Hydrogen is not naturally abundant and to attain significant quantities of the molecule, it must be liberated from a compound form. There are two main production pathways for low-carbon hydrogen: water electrolysis and steam/autothermal methane reforming (SMR/ATR) with carbon capture and storage (CCS). Despite a plethora of recent project announcements, low-carbon hydrogen from both sources is currently in short supply and most hydrogen production today (>95%) is sourced from unabated SMR. In 2022, water electrolysis accounted for only 0.1% of global hydrogen production¹, mainly due to the prohibitive economics of this production pathway but also due to an undeveloped supply chain. 

Both production pathways require significant time for design, planning, permitting, and delivery. While supportive financial incentives and policies are set to change this picture in the near term, significant hurdles remain. Large-scale hydrogen production facilities are capital intensive. For water electrolysis, an abundant and stable supply of clean electricity is required, and for SMR/ATR with CCS, highly effective carbon capture systems with relevant supporting infrastructure (such as CO₂ pipelines and geologic storage facilities) must be ensured.  
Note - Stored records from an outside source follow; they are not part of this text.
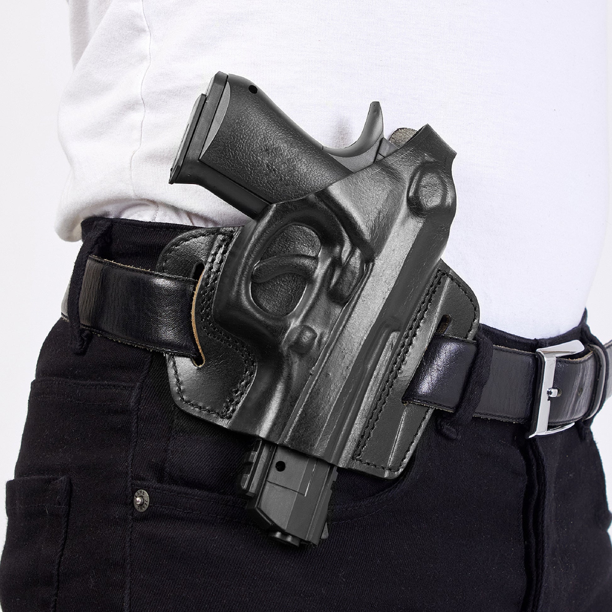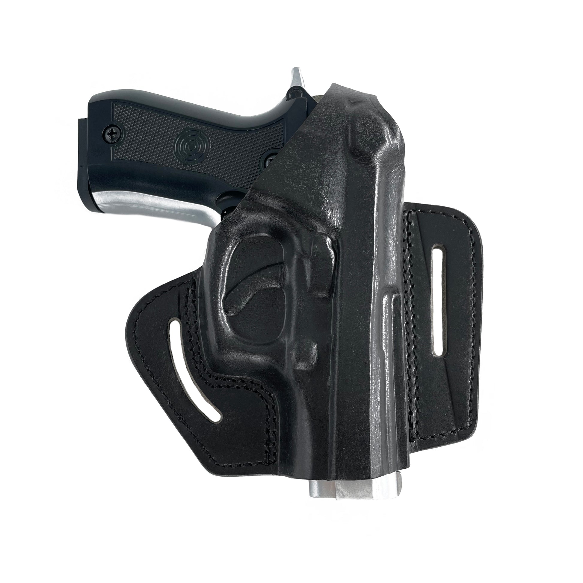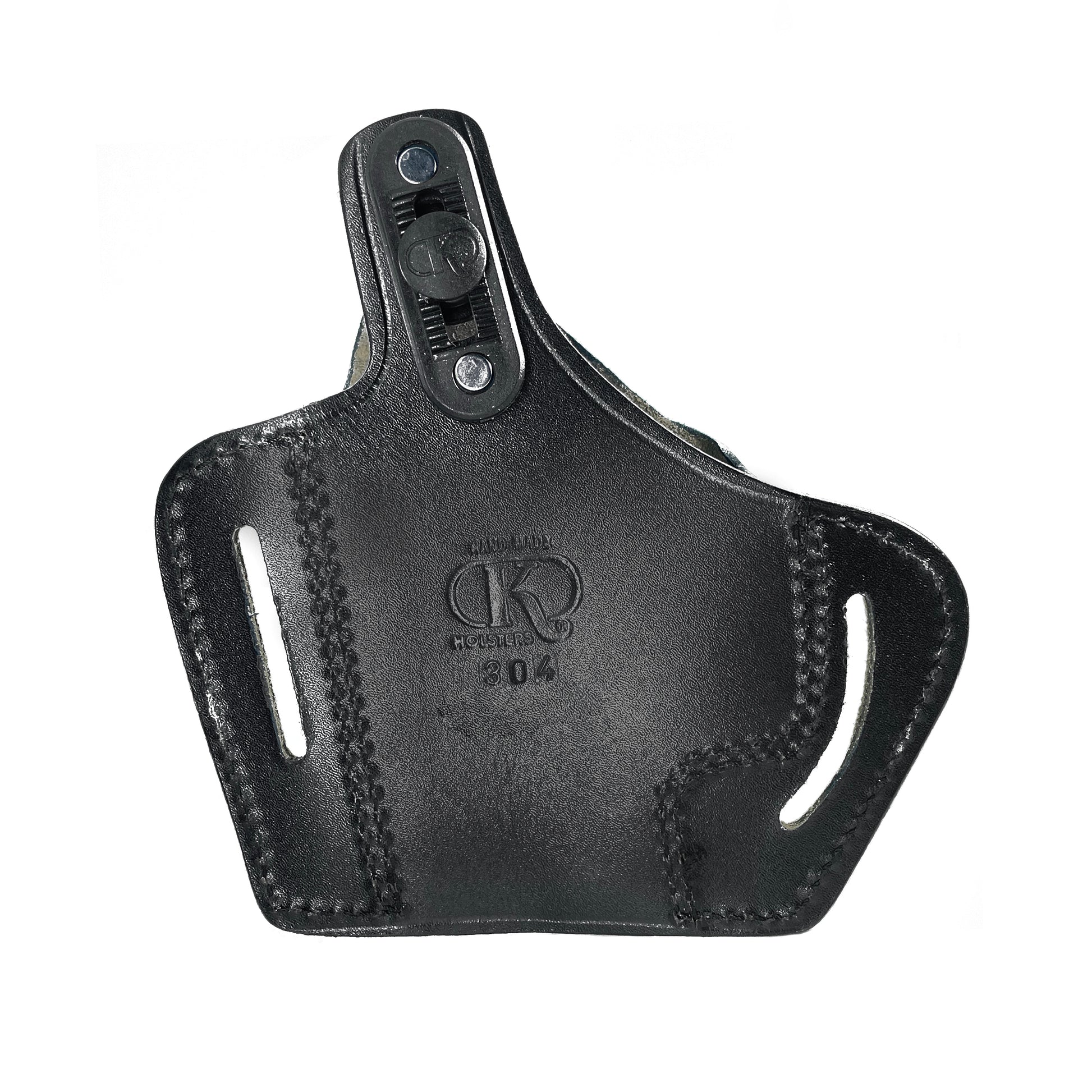 - The molded leather gives a snug fit with no rattle or movement. It is secured by looping your belt through the slots then tightening your belt. This pulls your pistol up close to your body providing a close fit.
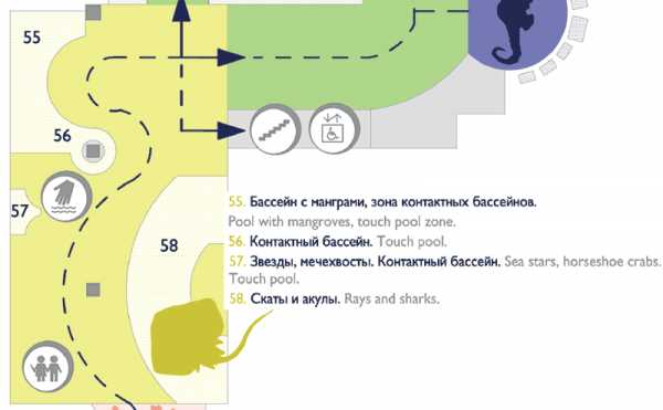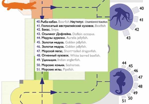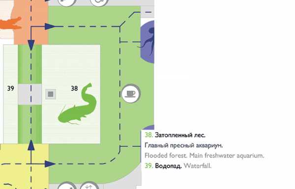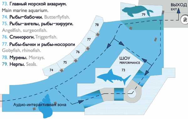 Помогать в путешествии по водоёмам планеты нам будет схема океанариума, вернее её части, соответствующие определённым экспозиционным комплексам.
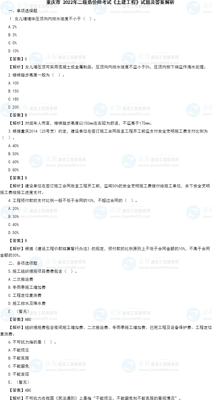 重慶市 2022年二級造價師考試《土建工程》試題及答案解析(部分)
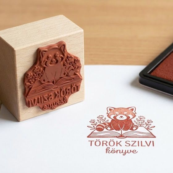 EX LIBRIS pecsét / Kis kocka / Névre szóló Ex Libris Pecsét / Könyvpecsét – Vörös panda 3×3 cm
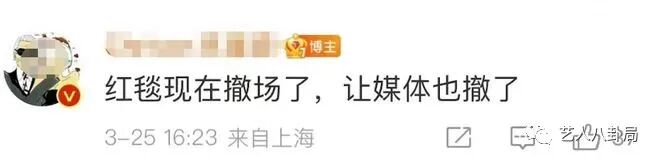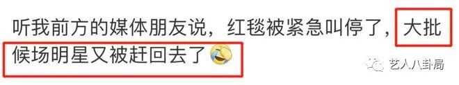 现场媒体发来前线报道:红毯被叫停了,现场在撤场,媒体也撤走了。看来红毯取消已经成了板上钉钉的事了。
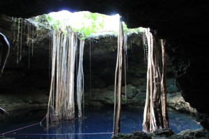 In order to access the cenote, we had to climb down with the help of a liana and through a short dark cave where on the other end unveiled the view of the denote….. a bit spooky.
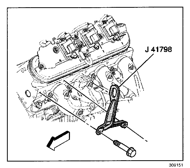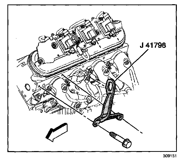 41. Remove the ignition coil, as required for the proper fit of the J 41798 before lifting the engine.
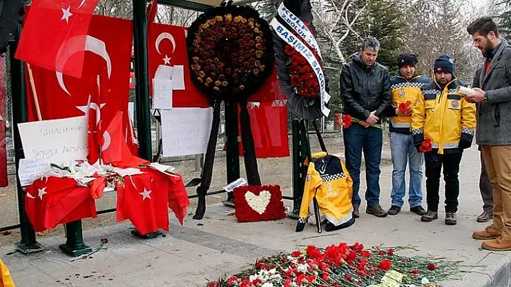 Kayseri'de çarşı iznine çıkan askerleri hedef alan terör saldırısının yaşandığı otobüs durağına vatandaşların ziyareti sürüyor.
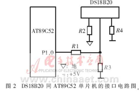 DS18B20的測(cè)溫原理為:內(nèi)部計(jì)數(shù)器對(duì)一個(gè)受溫度影響的振蕩器的脈沖計(jì)數(shù),低溫時(shí)振蕩器的脈沖可以通過(guò)門電路,而當(dāng)?shù)竭_(dá)某一設(shè)置高溫時(shí),振蕩器的脈沖無(wú)法通過(guò)門電路。計(jì)數(shù)器設(shè)置為-55℃時(shí)的值,如果計(jì)數(shù)器到達(dá)0之前門電路未關(guān)閉,則溫度寄存器的值將增加,這表示當(dāng)前溫度高于-55℃。同時(shí),計(jì)數(shù)器復(fù)位在當(dāng)前溫度值上,電路對(duì)振蕩器的溫度系數(shù)進(jìn)行補(bǔ)償,計(jì)數(shù)器重新開始計(jì)數(shù)直到回零。如果門電路仍然未關(guān)閉,則重復(fù)以上過(guò)程。溫度轉(zhuǎn)換所需時(shí)間不超過(guò)750ms,得到的溫度值的位數(shù)因分辨率不同而不同[2]。DS18B20同AT89C52單片機(jī)的接口電路如圖2所示。這種接口方式只需占用單片機(jī)一根口線,與智能儀器或智能測(cè)控系統(tǒng)中的其它單片機(jī)或DSP的接口也可采用類似的方式。
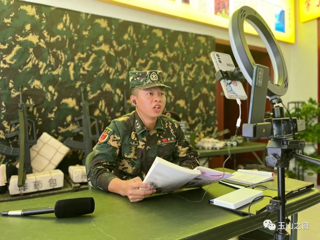 “今天,我们要上的课程是《珍爱和平,但决不畏惧战争》,讲述的是抗美援朝老兵徐享武的故事……” 11月18日,担任信州中专国防班教学任务的玉山一家国防教育培训机构—— 上饶市育鹰公司教员缪威超在向广大青少年开展线上教学,讲述《跨过鸭绿江的玉山男儿》这本书里的抗美援朝故事,受到广大青少年的欢迎。

Due to hydrogen’s physical properties, it is energy-intensive to produce and difficult to transport and store. These factors contribute to high production costs and therefore explain the current scarcity in low-carbon hydrogen. Due to this limited availability, both in present day and projections in the near-team, CATF recommends that low-carbon hydrogen deployment is prioritised in ‘no regrets’ end-use sectors, where there are simply no other alternative decarbonisation options, or where alternatives are technically or economically less feasible (figure 1). Future investments and markets for low-carbon hydrogen should take these prioritisations into account, ensuring that hydrogen is available for the sectors most likely to need it.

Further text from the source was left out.